La distribution vocale s’avère de très haute volée, même si l’un des rôles principaux convainc partiellement. Il s’agit de Catherine Hunold qui ne trouve pas forcément son meilleur rôle en Leonora. Le soprano français [lire nos chroniques de Mahagonny Songspiel, Les barbares, Bérénice, Wesendonck Lieder, Lohengrin, La damnation de Faust et Ariadne auf Naxos] chante, certes, toutes les notes, en puisant d’ailleurs dans une appréciable réserve de graves, mais beaucoup de ses aigus, très puissants au demeurant, sont en tension, voire en limite pour les plus hauts perchés. Concentrée sur son émission, l’interprétation semble en souffrir avec des variations de couleurs et des nuances limitées. Pace, pace mio Dio de l’Acte IV est d’une douceur reposante, mais le suraigu (« Invan la pace… ») se rapproche du cri, alors que son Maledizione final est chargé de davantage d’expressivité.
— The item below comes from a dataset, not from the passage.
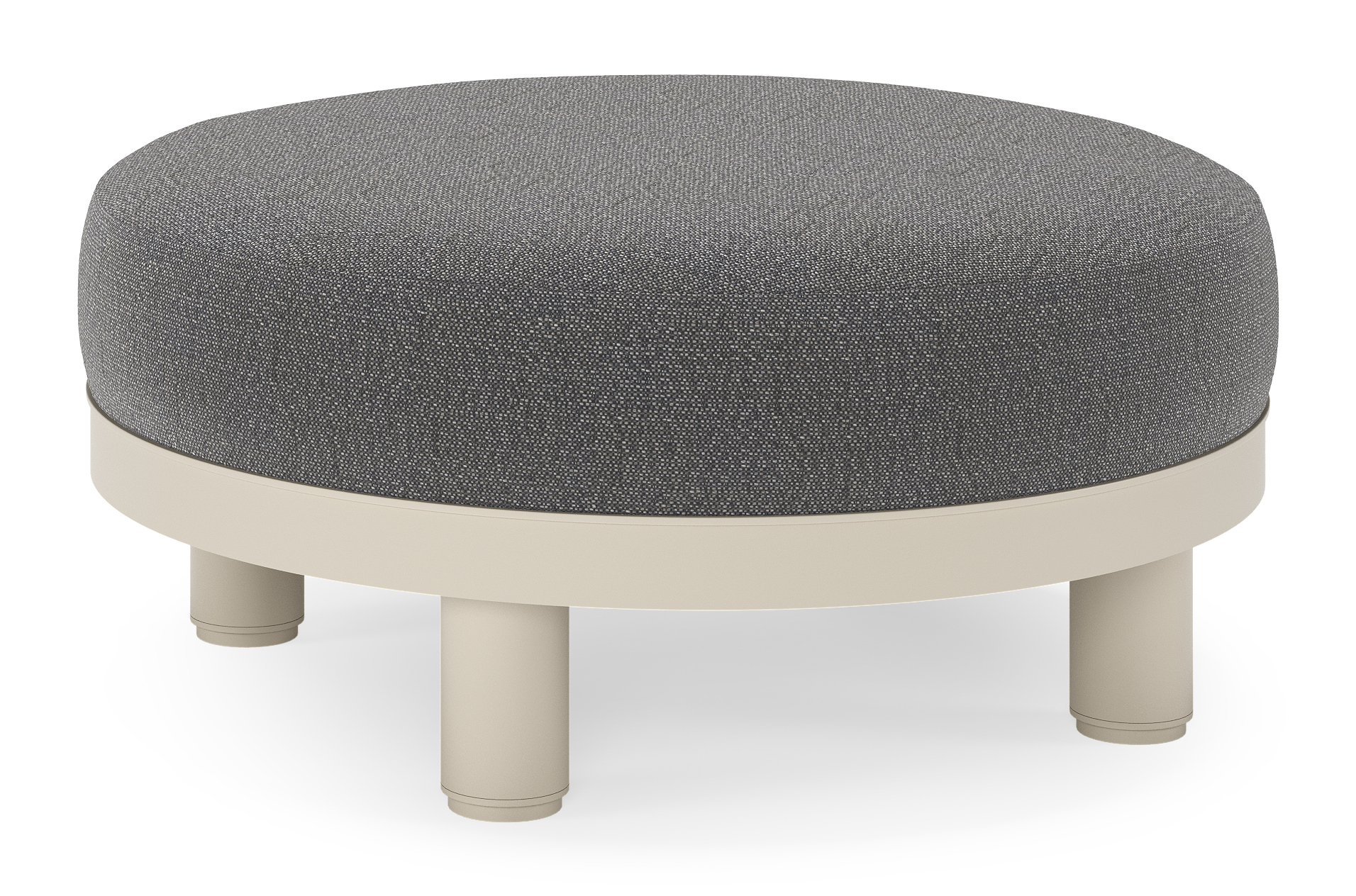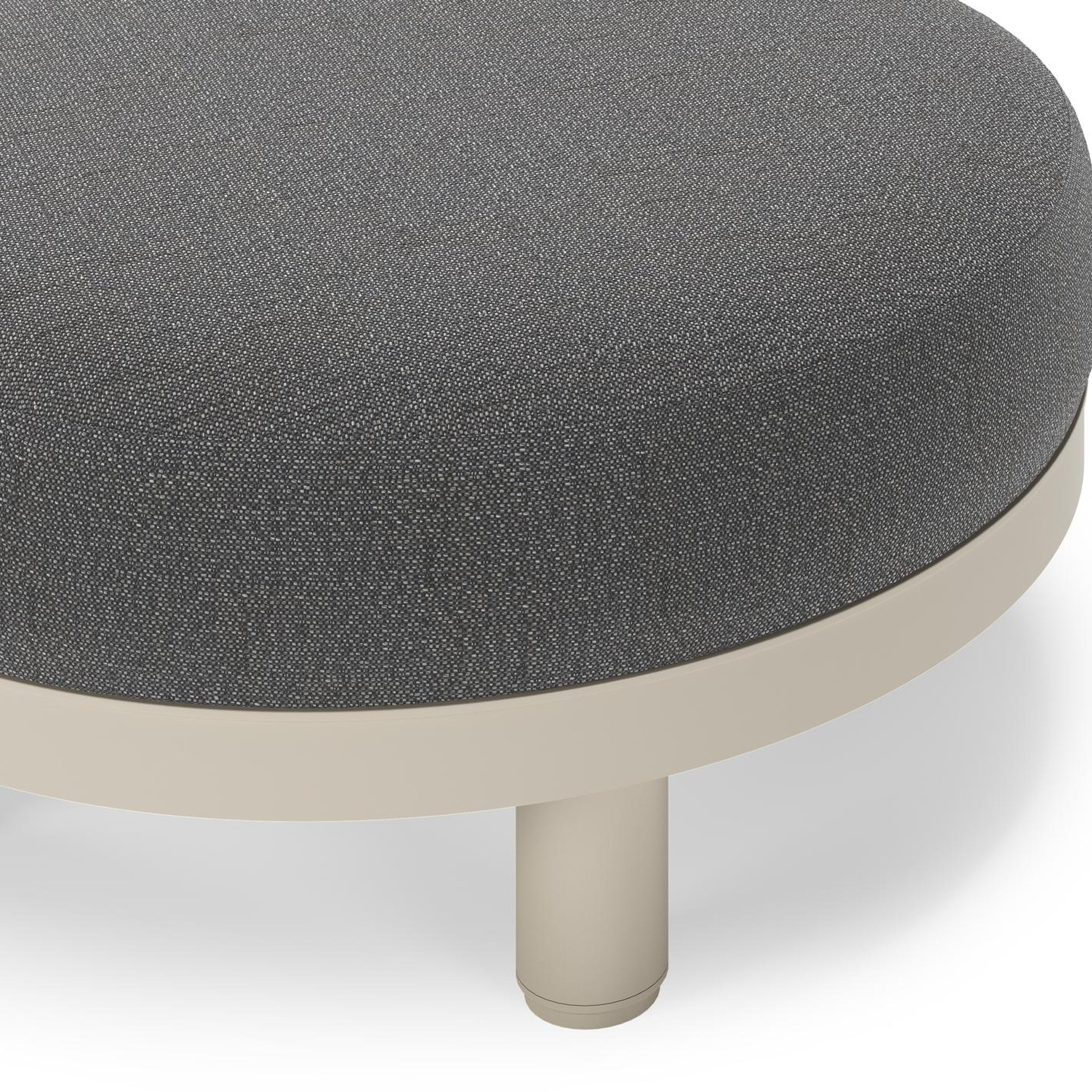 Salon de jardin pouf Donato en aluminium beige et coussins en all weather sunbrella® luxe Savane Tornado | Exterioo mobilier de jardin

En Alvaro, Amadi Lagha est, en revanche, une – nouvelle – révélation. Nous avions vu le ténor franco-tunisien dans Turandot à Toulon [lire notre chronique du 25 janvier 2019], et le sentiment est le même cette fois-ci : celui d’avoir assisté à un grand moment [lire également notre chronique de Luisa Miller]. C’est d’abord le volume de l’instrument qui impressionne, un medium qui emplit généreusement et naturellement tout l’espace dès les premières notes. Le registre aigu est ensoleillé et clair, tandis que le grave, bien qu’en montrant des limites, est tout de même fort bien exprimé. Dans ce chant bien articulé, sans pleurnicherie, se dégagent émotion et générosité, l’artiste se prenant au jeu et n’hésitant pas à s’éloigner significativement du pupitre.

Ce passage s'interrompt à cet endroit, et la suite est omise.